Using digital tools to research humanities questions

Getting Started

About the Digital Humanities

Digital Humanities is an interdisciplinary field that combines the traditional scholarly work of the Humanities with the use of digital technologies. It encompasses a wide range of activities, such as the creation of digital archives and databases; the development of tools necessary for scholarship, research, and teaching in the digital age; as well as the production of scholarly work through the application of these new tools to traditional arts and humanities disciplines.

Digital Humanities scholars might:

  • Use digital tools to analyze large amounts of text, revealing patterns and connections that would be difficult to find by individually reading each one.
  • Create maps or other digital simulations to model ancient human settlements. 
  • Create digital archives and databases of cultural artifacts, making them available to a wider audience for study and analysis.

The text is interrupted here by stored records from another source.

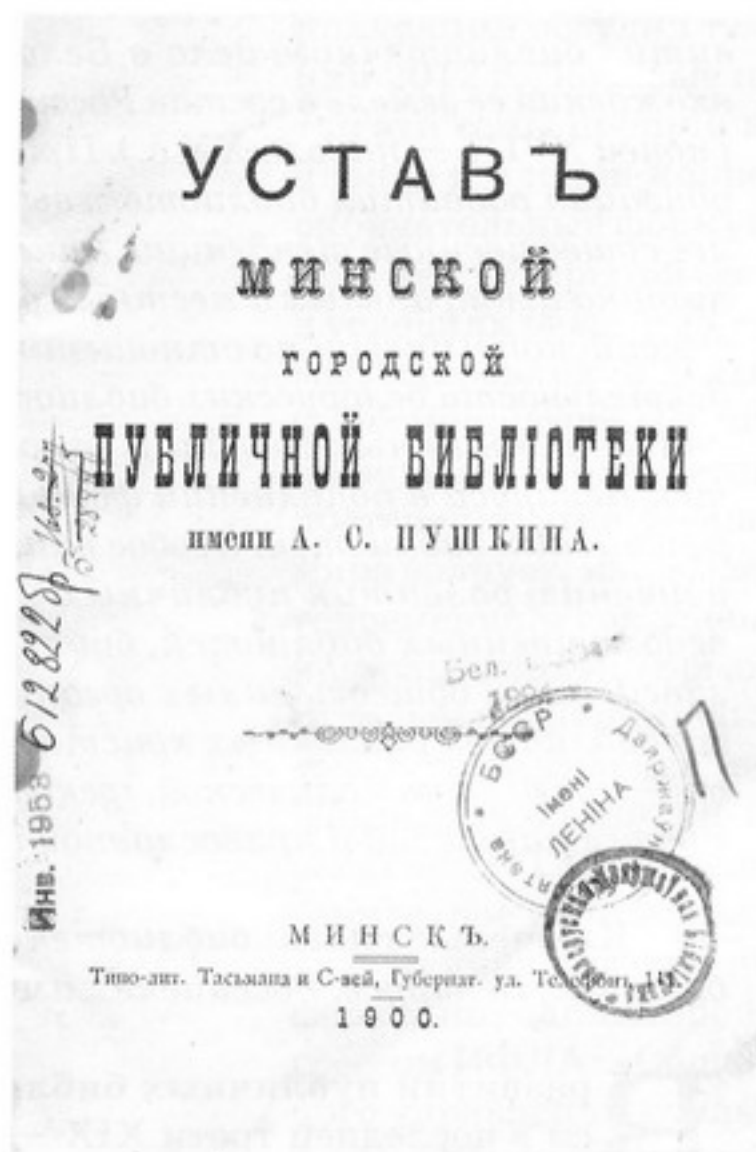
Титульный лист Устава Минской городской публичной библиотеки

Первая же «общая приятельская библиотека» была организована витебской молодежью еще в 1840-х гг., но из-за финансовых трудностей она просуществовала всего шесть лет [26, с. 157]. Идея создания общественных публичных библиотек получила более широкое распространение в начале 1860-х годов. В это время открылась общественная библиотека в Новогрудке, молодежная библиотека в Опшмянах и других городах. В них преобладали польские и французские издания, приобреталась прогрессивная для того времени литература [5, с. 59]. После подавления восстания 1863—1864 гг. ряд общественных библиотек был закрыт, включая и Новогрудскую общественную библиотеку [2, с. 26]. Однако под влиянием общественности царские власти вынуждены были в конце 1860-х гг. пойти на предоставление некоторых демократических свобод, в том числе открытие публичных библиотек. Тем не менее за период с 1863 по 1880 г. в Беларуси было разрешено открыть только три библиотеки: в Минске, Витебске и Пинске [39, с. 31]. Чтобы не допустить распространения через библиотеки демократических идей, царское самодержавие
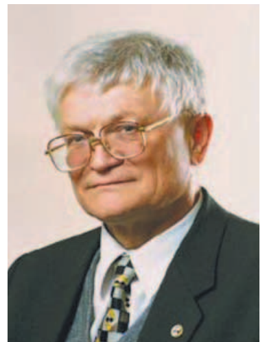
Академик Н.С. Зефирова
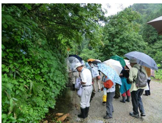
モリアオガエルのオタマジャクシにみ なさん興味深々でした。
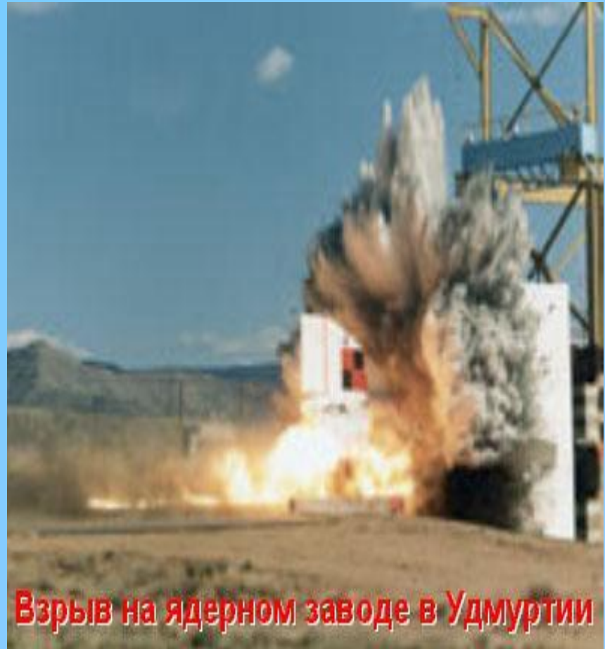
Взрыв на ядерном заводе в Удмуртии
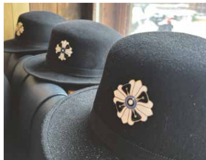
Naiskodukaitse piduliku vormi kübar.

Naiskodukaitse Sakala ringkond pöördub kõigi viljandimaalaste poole palvega ajaloo kogumisel ja talletamisel abiks olla. Me oleme huvitatud kõikvõimalikest antud teemaga seotud materjalidest (mälestused, kirjad, dokumendid, fotod, esemed jm) ning võtame need tänulikult vastu. Oleme tänulikud annetajatele ning samuti on abiks see, kui saame ajalooürikuid
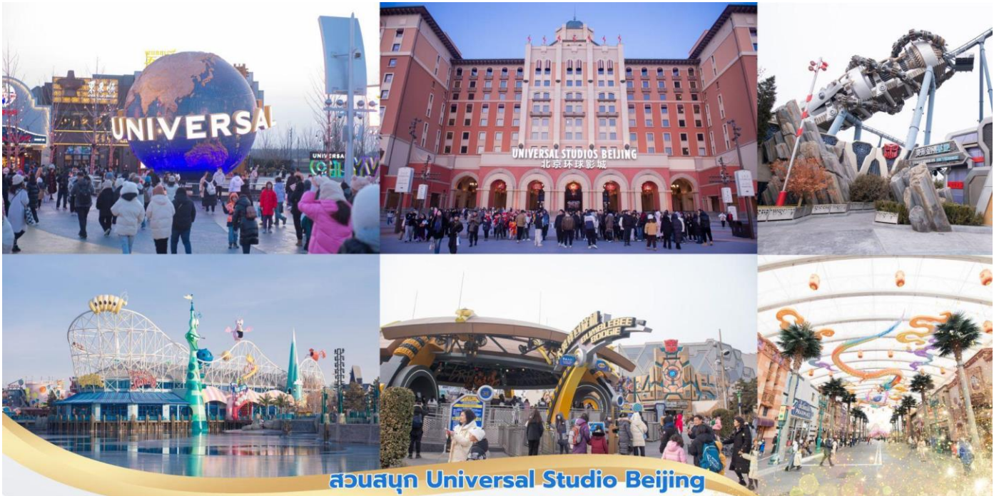
สวนสนุก Universal Studio Beijing
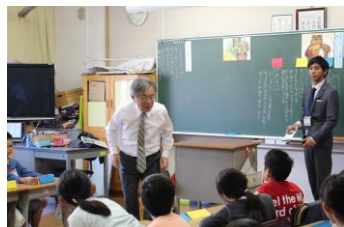
君はどう思うかな？
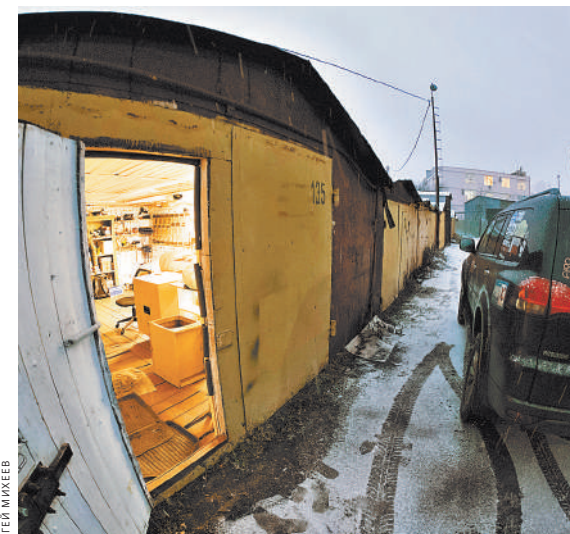
Если пай в ГСК выплачен, гараж становится собственностью. И владелец вправе использовать его по своему усмотрению.

Право собственности гражданина на недвижимость возникает сразу же после полной выплаты пая

This text was written with the help of ChatGPT, a machine learning large language model that generates text based on user input.

Humanities Data

Data in the humanities often looks different from data in other disciplines and as a result, may not typically be referred to as data even by humanists themselves. Humanities data covers a wide scope of multimedia, including:

  • texts and images as primary and secondary sources, text encodings, musical notations, annotations, corpora
  • paintings, photographs, film, audio and video recordings
  • geospatial data
  • survey data
  • digital tools like software, models, algorithms
  • methodologies, workflows, protocols
  • questionnaires and their responses

These can be "both digital and analogue, machine created or human created, highly structured or utterly unstructured. In many cases, data are ‘born’ or become qualified as data in the course of the research process," as they are used in or produced by scientific processes like digitization, experiments, and study of sources.